V3 Training	trues2s-p4d-v3-train-r2	us-west-2	RUNNING	p4d.24xlarge, 25K steps curriculum. At step 10K+. ETA ~Saturday March 8.
Reasoning v7 (Qwen3.5)	terminated	us-east-1	DONE	2B: MMLU 59.6%, GSM8K 19.4%, IFEval 32.7%, Avg 37.2%. 0.8B: MMLU 48.5%, GSM8K 34.3%, IFEval 35.1%, Avg 39.3%.
BigBench Audio v5	i-01fb70abe4331971d	us-east-1	DONE	Cascade 2B: 37.9%, Cascade 0.8B: 34.1%. 1000 samples, Bedrock Claude Sonnet judge.
VoiceBench v6	terminated	us-east-1	DONE (raw)	Cascade Qwen3.5-2B raw JSONL outputs on S3 (11 datasets). Needs post-processing for accuracy scores.

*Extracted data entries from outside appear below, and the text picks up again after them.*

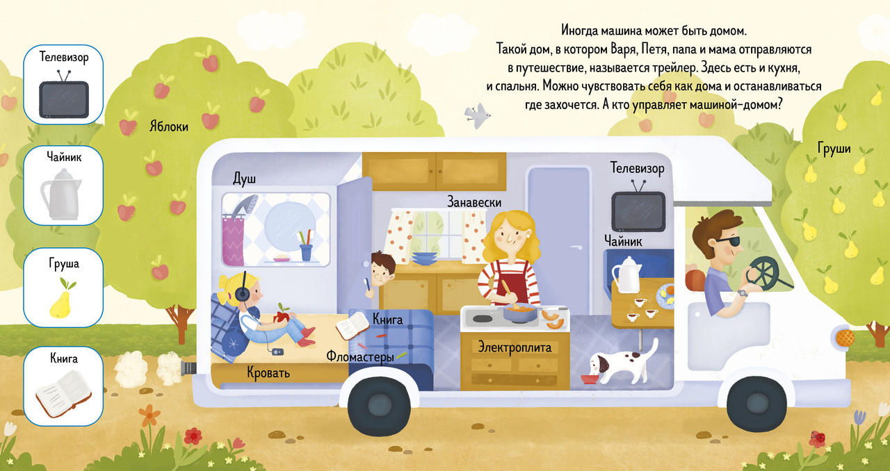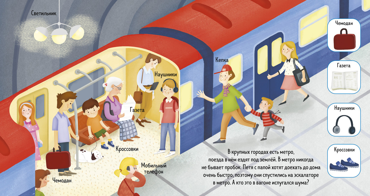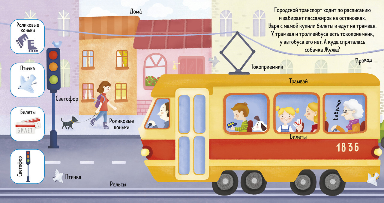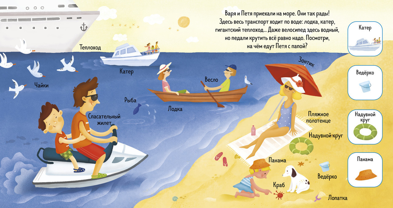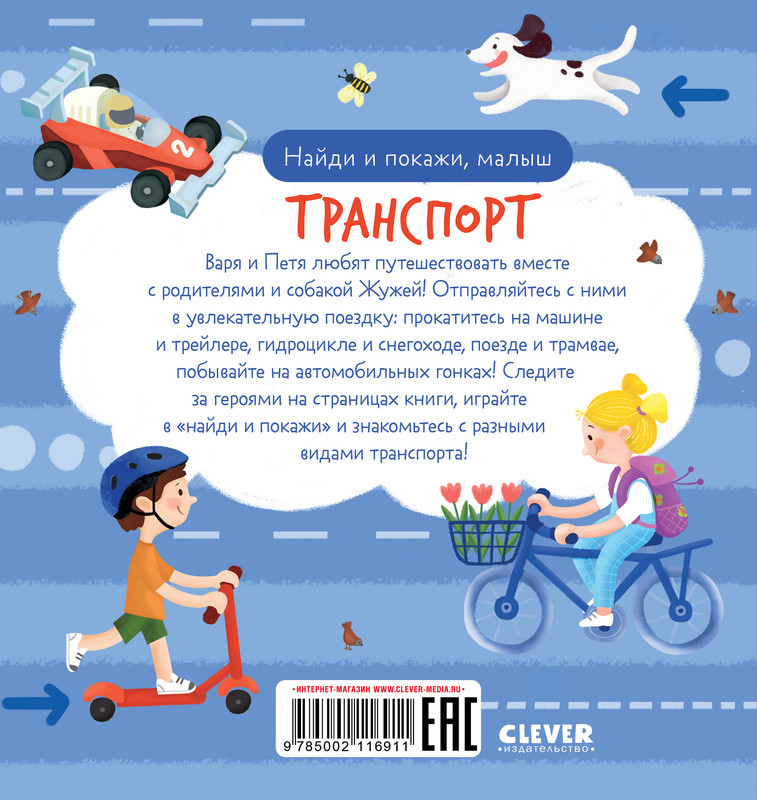Серия: Найди и покажи, малыш Варя и Петя любят путешествовать вместе с родителями и собакой Жужей! Отправляйтесь с ними в увлекательную поездку: прокатитесь на машине и трейлере, гидроцикле и снегоходе, поезде и трамвае, побывайте на автомобильных гонках! Следите за героями на страницах книги, играйте в «найди и покажи» и знакомьтесь с разными видами транспорта!
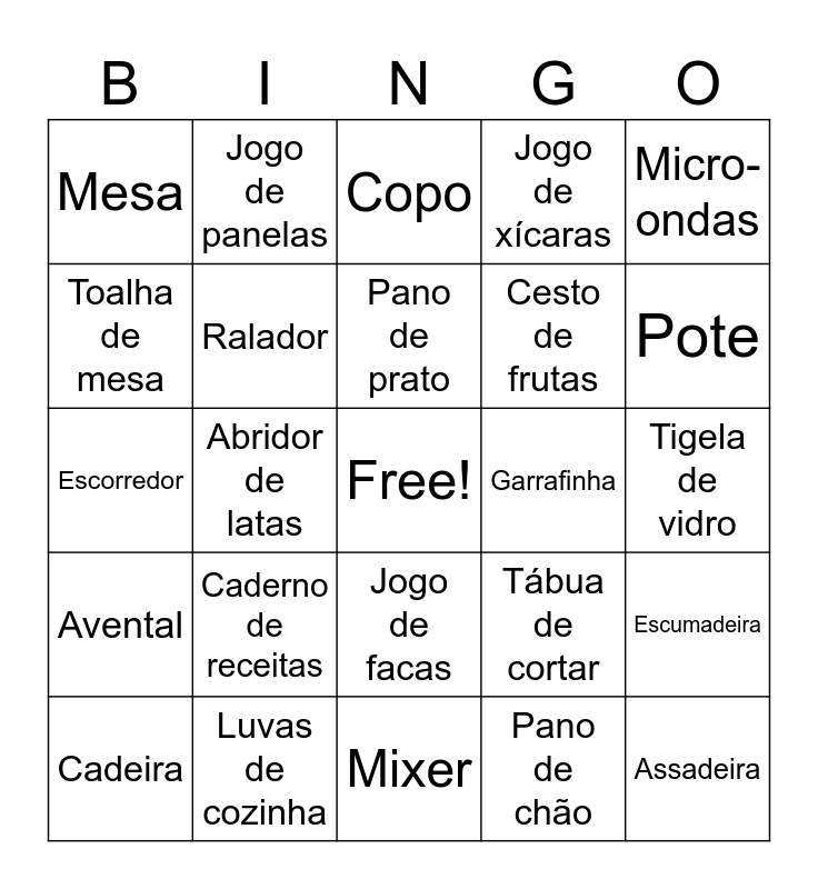 This bingo card has a free space and 77 words: Panela, Prato, Copo, Xícara, Talher, Colher, Garfo, Faca, Tigela, Liquidificador, Batedeira, Coador, Pano de prato, Toalha de mesa, Abridor de garrafa, Abridor de latas, Frigideira, Assadeira, Forno, Micro-ondas, Chaleira, Escorredor, Ralador, Jogo de panelas, Jogo de xícaras, Caneca, Garrafa térmica, Espátula, Colher de pau, Termômetro de cozinha, Saleiro, Pimenteiro, Galheteiro, Tábua de cortar, Pote, Cesto de frutas, Porta-temperos, Rolo de massa, Tigela de vidro, Pano de chão, Escorredor de arroz, Pote hermético, Bule, Vasilha, Coador de café, Pegador de macarrão, Cadeira, Mesa, Cortador de pizza, Timer de cozinha, Pincel de cozinha, Jogo de facas, Forma de bolo, Forma de muffin, Fruteira, Cafeteira, Refratário, Escova de limpeza, Suporte de pratos, Grelha, Caderno de receitas, Tesoura de cozinha, Lixeira, Clipes de saco, Taça, Frasqueira, Porta-copos, Garrafinha, Açucareiro, Porta feijão, Porta farinha, Escumadeira, Avental, Luvas de cozinha, Flanela, Mixer and Manteigueira.
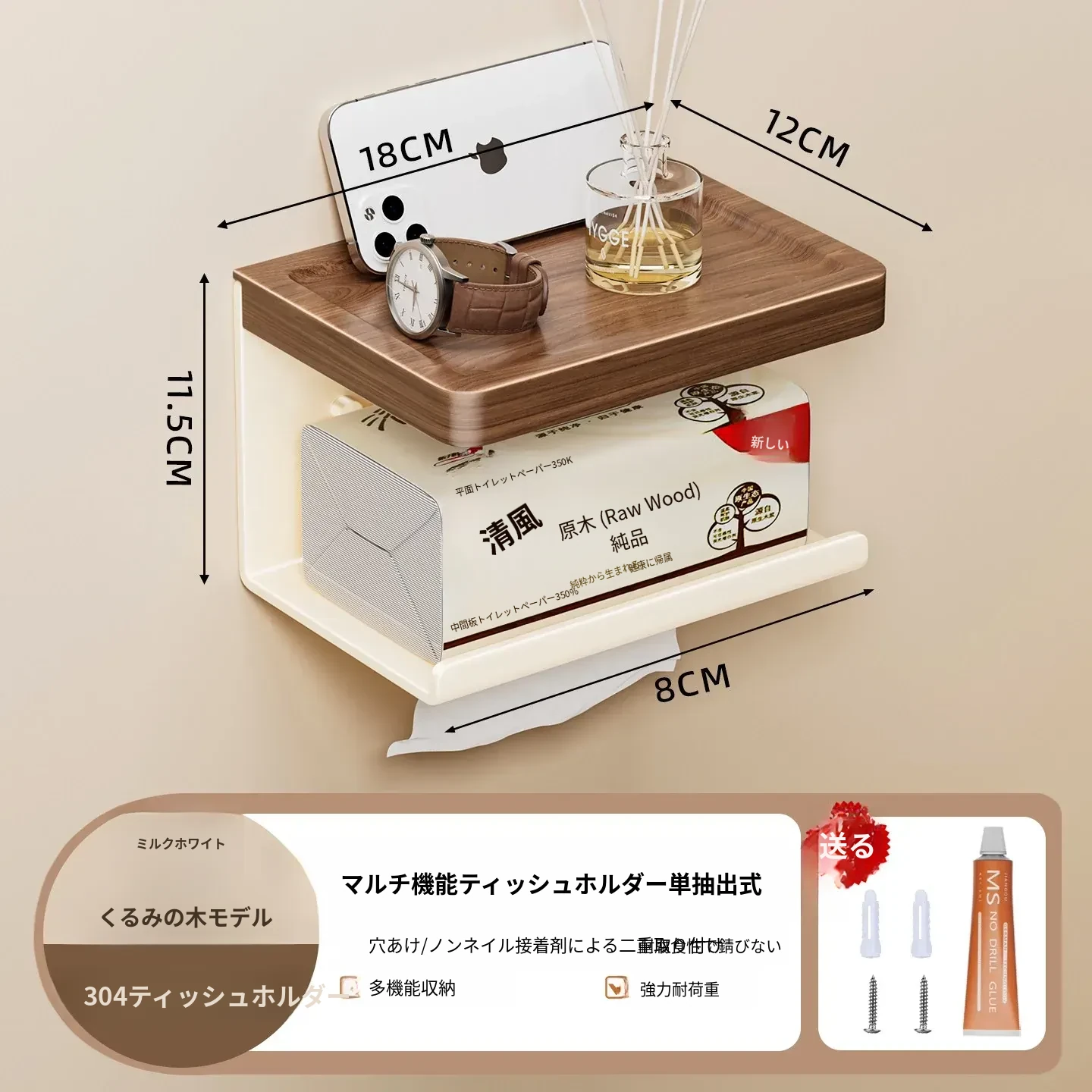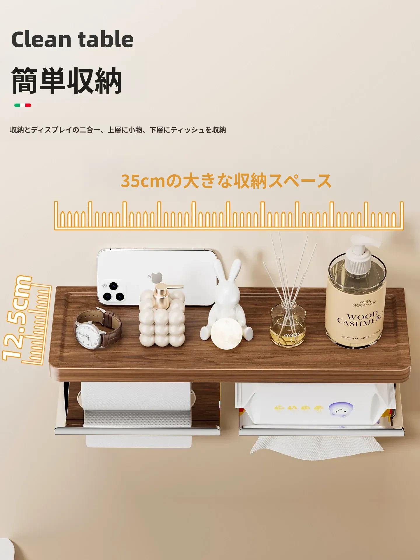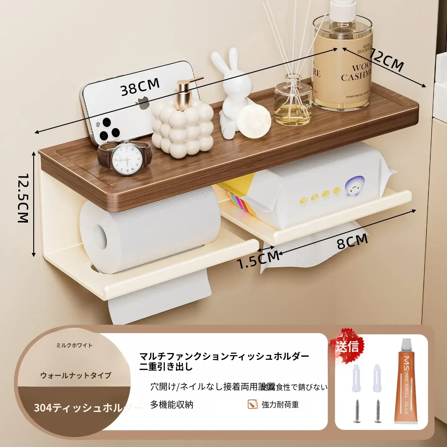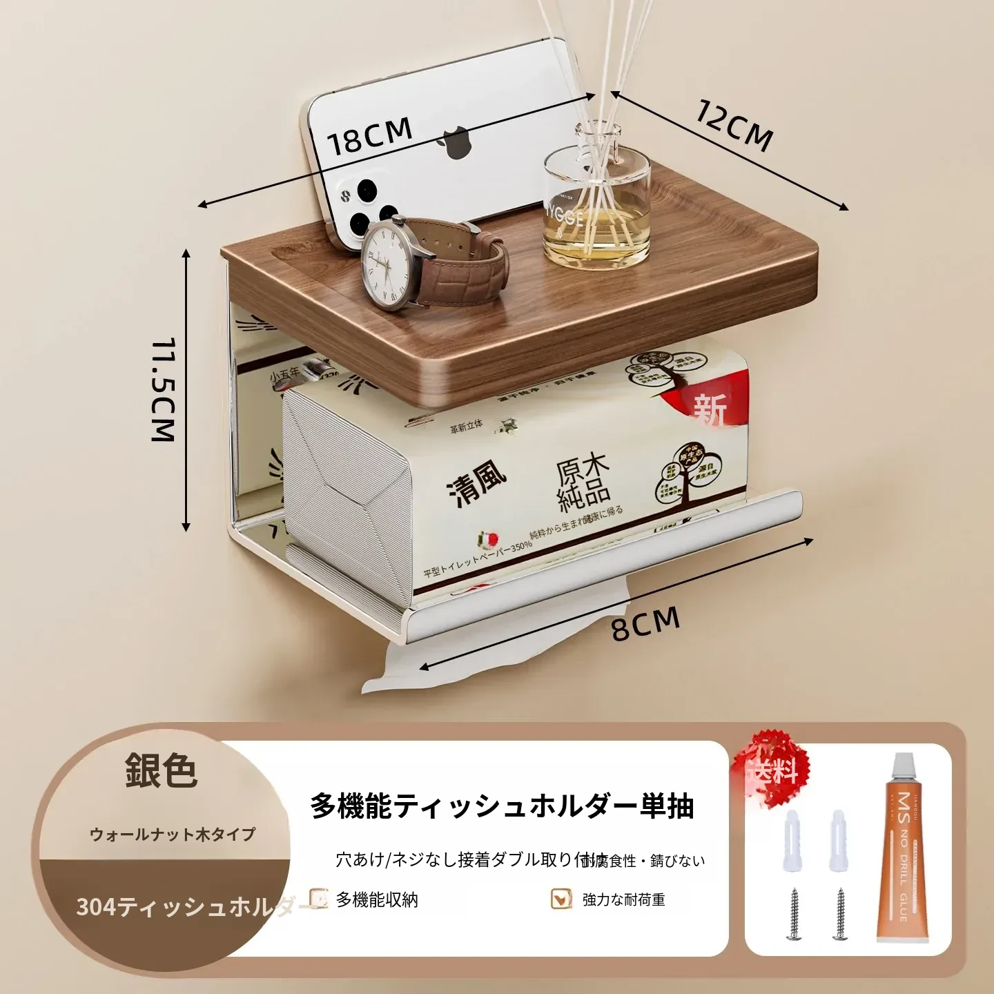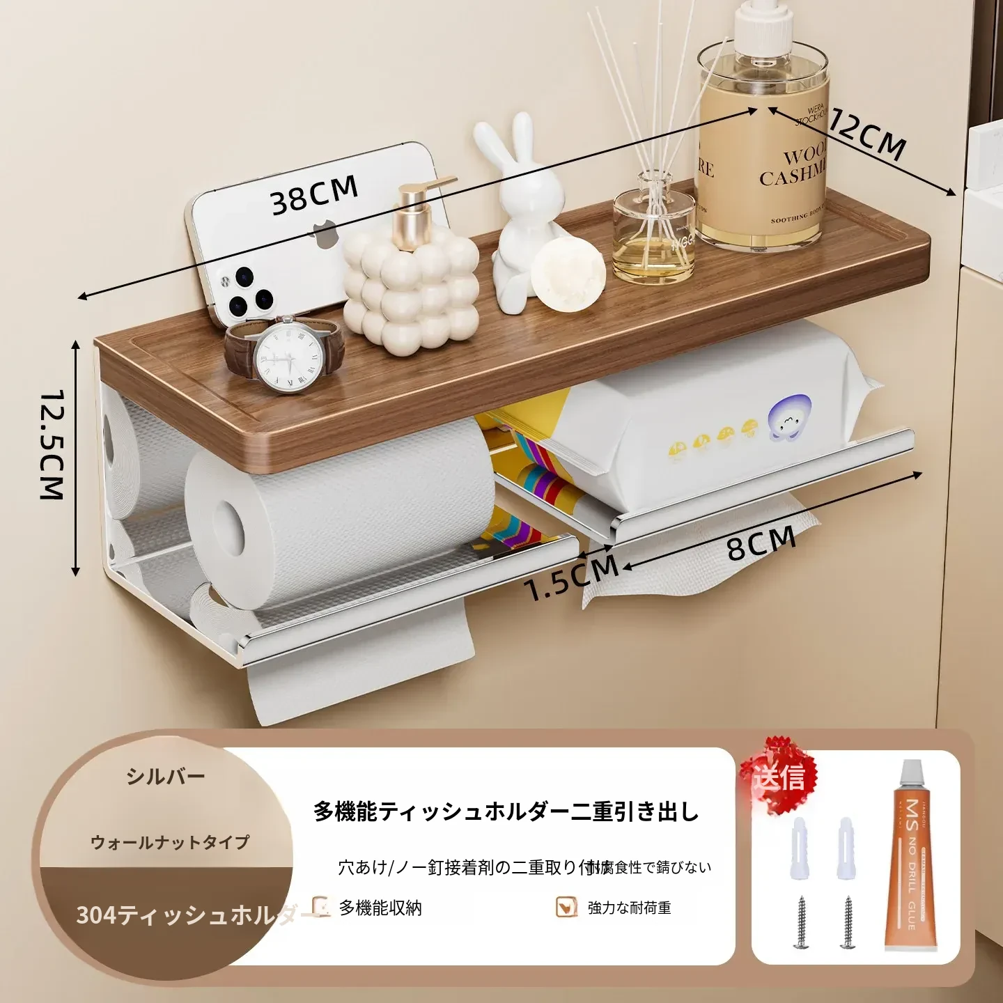 ウォールナット製トイレットペーパーホルダー、穴あけ不要!304ステンレス製のバスルーム&トイレ用ティッシュラック、スタイリッシュな収納で空間を美しく演出します。
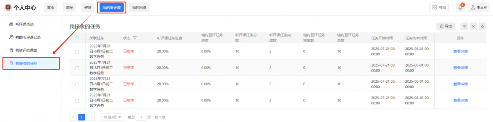 - 我的听评课:用于创建听评课活动、查看听评课记录、被评课堂记录与接收的听评课任务
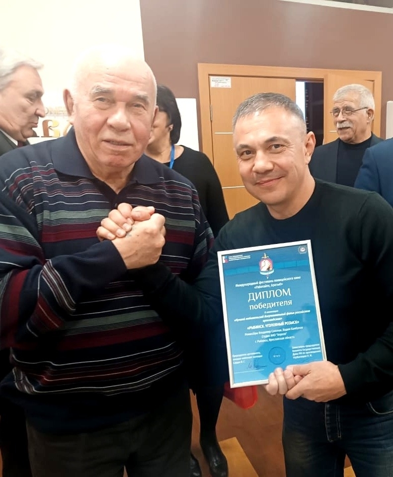 Диплом победителя кинофестиваля «Работайте, братья» из рук абсолютного чемпиона мира (по версиям WBC/WBA/IBF) среди профессионалов Константина Дзю принимает режиссёр фильма «Рыбинск. Уголовный розыск» Владимир Соколов.
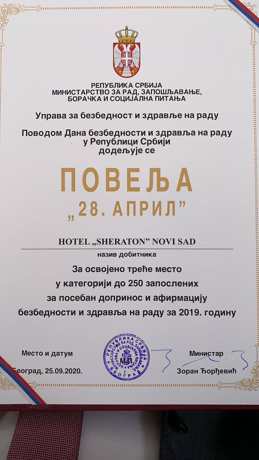 The Commission for granting national awards in the area of occupational safety and health has rewarded the 3rd place award to the Sheraton Novi Sad Hotel for exceptional achievements in occupational safety and health for 2019. The “April 28th” Plaque Award in the category of companies with up to 250 employees was granted to Novak Bojanić, Director of the Sheraton Novi Sad.
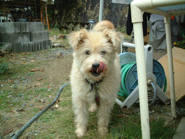 やさしい感じの犬でした。おうちのおかあさんは 「まあかわいい」と抱き上げて
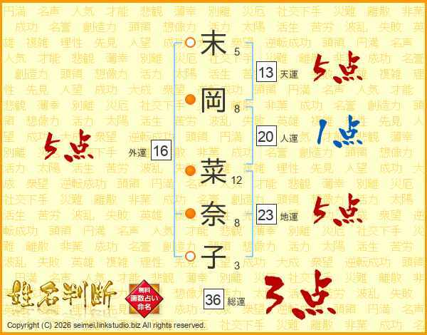 末(5画)岡(8画) 菜(12画)奈(8画)子(3画)
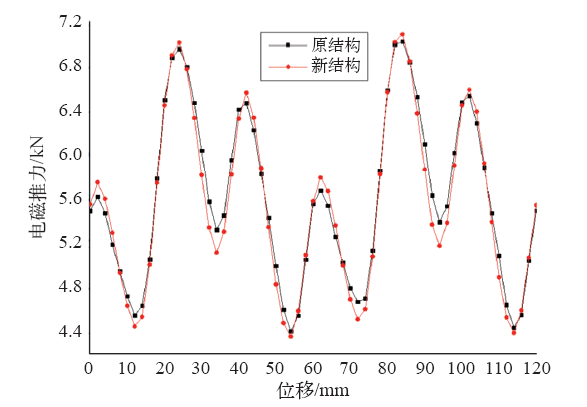 优化前后的电磁推力变化曲线如图7所示。两种结构的推力均值分别为5 569N和5 612N,推力波动分别为23.86%和22.89%,新结构与原结构相比,温度场性能得到了较大改善,电磁性能有所下降,同时电机体积有所减小,总体来说,该结构的改进是有益的。从它们的负载推力曲线中可以看出,它们的推力波动都比较大,这会导致电机运行不稳定,所以要对新结构的推力波动进行优化。
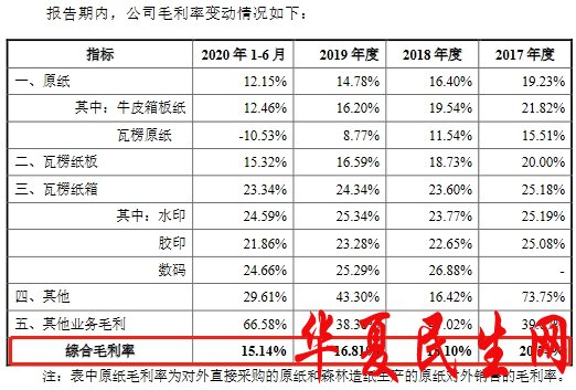 2017年至2020年1-6月,森林包装综合毛利率呈逐年下滑趋势,分别为20.54%、18.10%、16.81%、15.14%。分产品来看,报告期内,公司原纸产品(牛皮箱板纸和瓦楞原纸)毛利率分别为19.23%、16.40%、14.78%和12.15%;瓦楞纸板毛利率分别为20.00%、18.73%、16.59%和15.32%;瓦楞纸箱毛利率分别为25.18%、23.60%、24.34%和23.34%。可见,报告期内,主要产品中原纸和瓦楞纸板的毛利率呈现小幅下降趋势,瓦楞纸箱的毛利率则较为平稳。
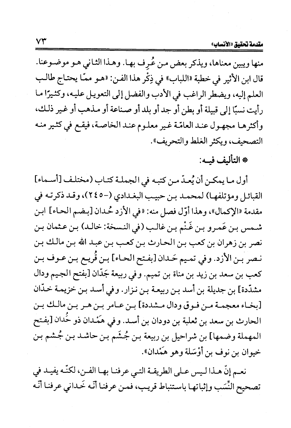 منها ويبين معناها، ويذكر بعض من عُرِف بها. وهذا الثاني هو موضوعنا. قال ابن الأثير في خطبة "اللباب" في ذِكْر هذا الفن: "هو ممّا يحتاج طالب العلم إليه، ويضطر الراغب في الأدب والفضل إلى التعويل عليه، وكثيرًا ما رأيت نسبًا إلى قبيلة أو بطن أو جد أو بلد أو صناعة أو مذهب أو غير ذلك، وأكثرها مجهول عند العامّة غير معلوم عند الخاصة، فيقع في كثير منه التصحيف، ويكثر الغلط والتحريف".
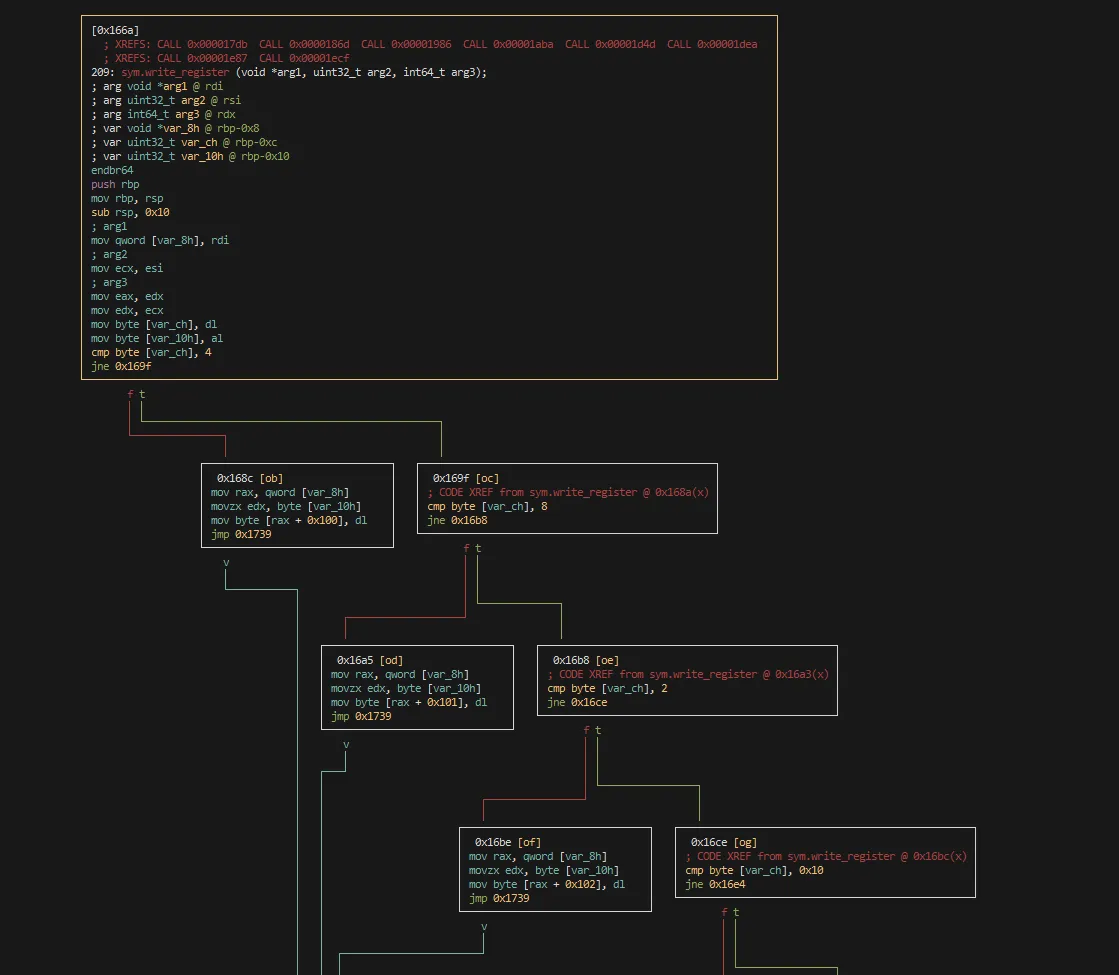 The control flow graph , where is a set of nodes (in our case, we have one node per basic block) and is a set of edges, where an edge is present if there is a jump between two basic blocks. Here is an example of CFG extracted with Radare2:
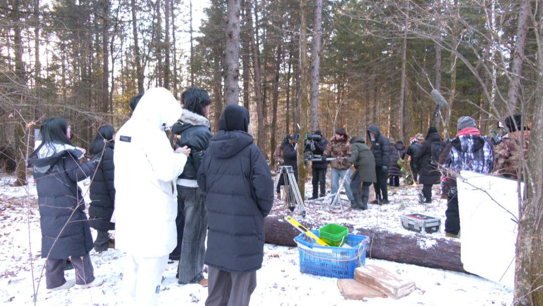 带着对先辈的崇敬,师生一行来到电影《青山赤子》的拍摄现场,身着老式林区工装的演员们正演绎着“人拉肩扛运木材”的场景,寒风中高亢的劳动号子回荡在林间,瞬间将师生们带回了艰苦卓绝的林区开发年代。

Qwen2.5-3B Repro	terminated	us-east-1	DONE	MMLU 65.4% (ref 65.5%), IFEval 49.4% (ref 48.2%). Infrastructure validated.
ASR v3 (Whisper)	terminated	us-west-2	DONE (4/9)	LibriSpeech clean/other + FLEURS en/fr. TED-LIUM/CommonVoice/MLS blocked.
FDB v1 (Stage 6)	—	—	DONE	PersonaPlex + Moshi Base × 725 samples.
Reasoning (Qwen2.5)	terminated	—	DONE	All Qwen2.5 models (0.5B-7B) + Phi-4-mini on MMLU+GSM8K+IFEval.